African diplomatic sources in Khartoum confirmed to Al-Jazeera Net that parties contacted Al-Burhan and Hamidti for calm and a cease-fire, and the first informed them that the calm begins with the withdrawal of the Rapid Support Forces that he mobilized during the past weeks in Khartoum, their exit from the cities, and a timetable for their integration into the army and placing them under his command.

On the other hand, Hamidti told the mediators that he could not deal with Al-Burhan and did not trust him, and demanded that the army commander step down, purify the army from the elements of the former regime (the regime of former President Omar Al-Bashir), and carry out security and military reforms to unify the forces.

And he believed that the two sides give the military solution priority at this stage, and have not shown a willingness to make concessions, and the two sides feel that they have been betrayed and betrayed, and they hold each other to endanger the safety of the country by responding to the desires and agenda of political parties that want to seize power or return to it after losing it.

the future of the political process

Analysts believe that the political process will freeze until the end of the military confrontations, and university professor and political analyst Omar al-Tayeb says that the ongoing battles will put the political process in a “refrigerator” if it has not entered the “intensive care” room, and it is unlikely that it will resume soon.

Al-Tayeb expected – in an interview with Al-Jazeera Net – that Al-Burhan would impose a state of emergency in the country, and form a caretaker government with a civilian prime minister and assign it to hold elections within a period not exceeding 18 months, pointing out that the Forces for Freedom and Change – the Central Council will reject this, while political parties will support it.

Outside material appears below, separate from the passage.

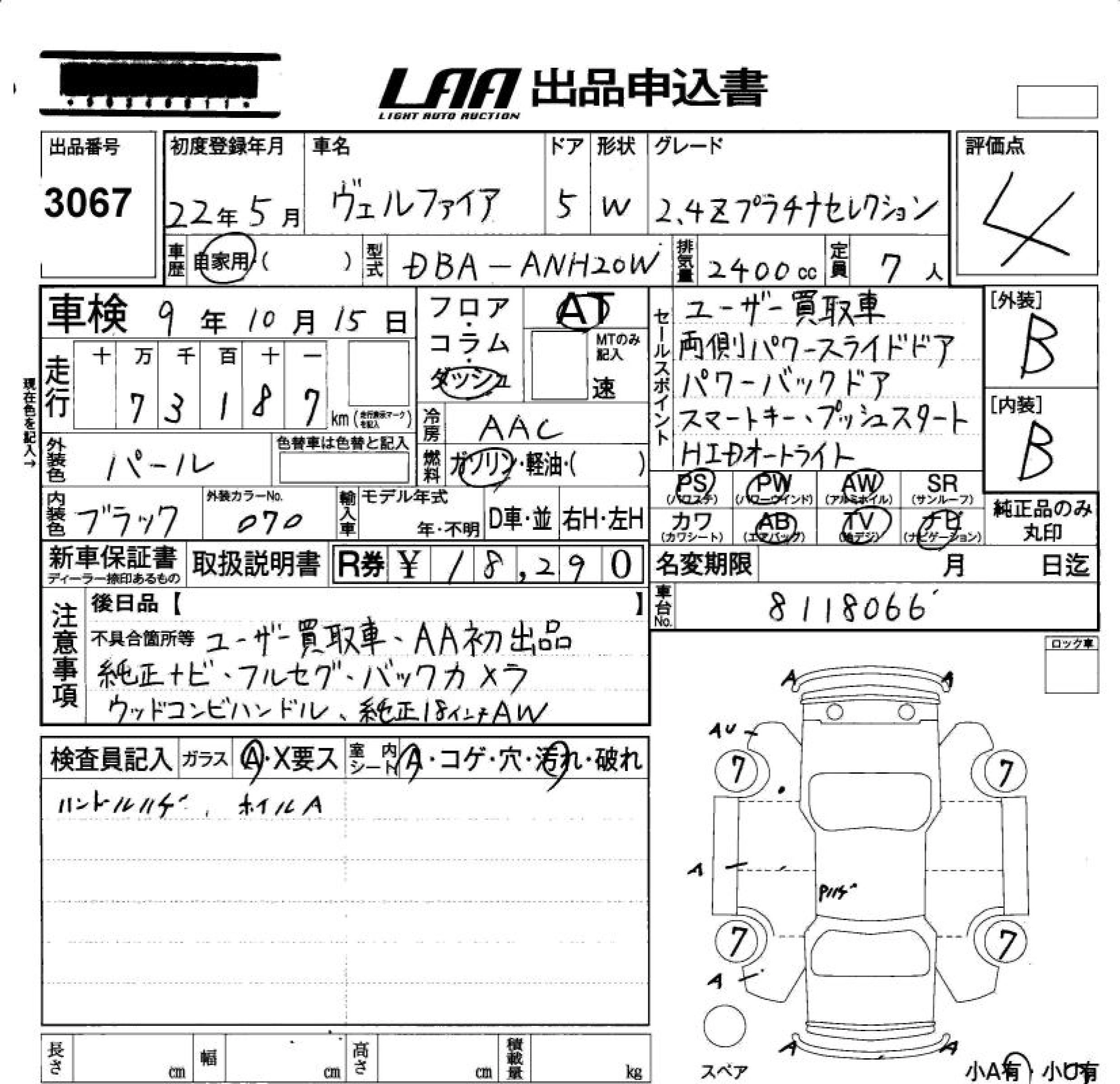 Статус не продан Лот 3067 Аукцион LAA Okayama Дата аукциона 23.01.2026

Others, which enters the country into a state of tension and conflict and the continuation of the state of instability.

In the context, security expert Salem Ezz El-Din expects the army to resolve the military confrontations in Khartoum due to its military superiority, but the Rapid Support Forces will shift to Darfur, in which tens of thousands of fighters are deployed, and additional forces are recruited and armed across the country's western borders with Libya, Chad and Central Africa, especially since they have cooperation. With regional countries and Russia.

In an interview with Al-Jazeera Net, Ezz El-Din believes that the Rapid Support Forces will seek from the Darfur region to confront the government forces, which will return the region to the war square and put pressure on Khartoum to negotiate with it.

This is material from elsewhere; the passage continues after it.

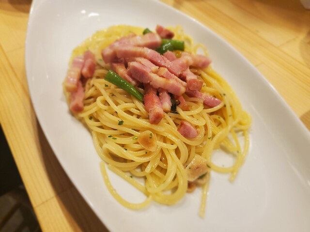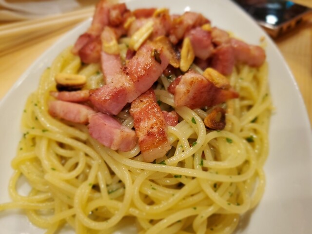 ベーコンがうんまいの。ガーリックたっぷりがニンニク好きには堪らのんの。

It is not excluded that the ongoing war will lead to an intensification of international pressure on Al-Burhan and Hamidti to calm down, and that any settlement to resolve the crisis may lead to the two men stepping down to open the door to the return of the path of transition and democratic transformation, indicating that the aspirations of the President of the Sovereignty Council and his deputy to rule the country are behind the divergence of their positions and the struggle to control the reins. the control.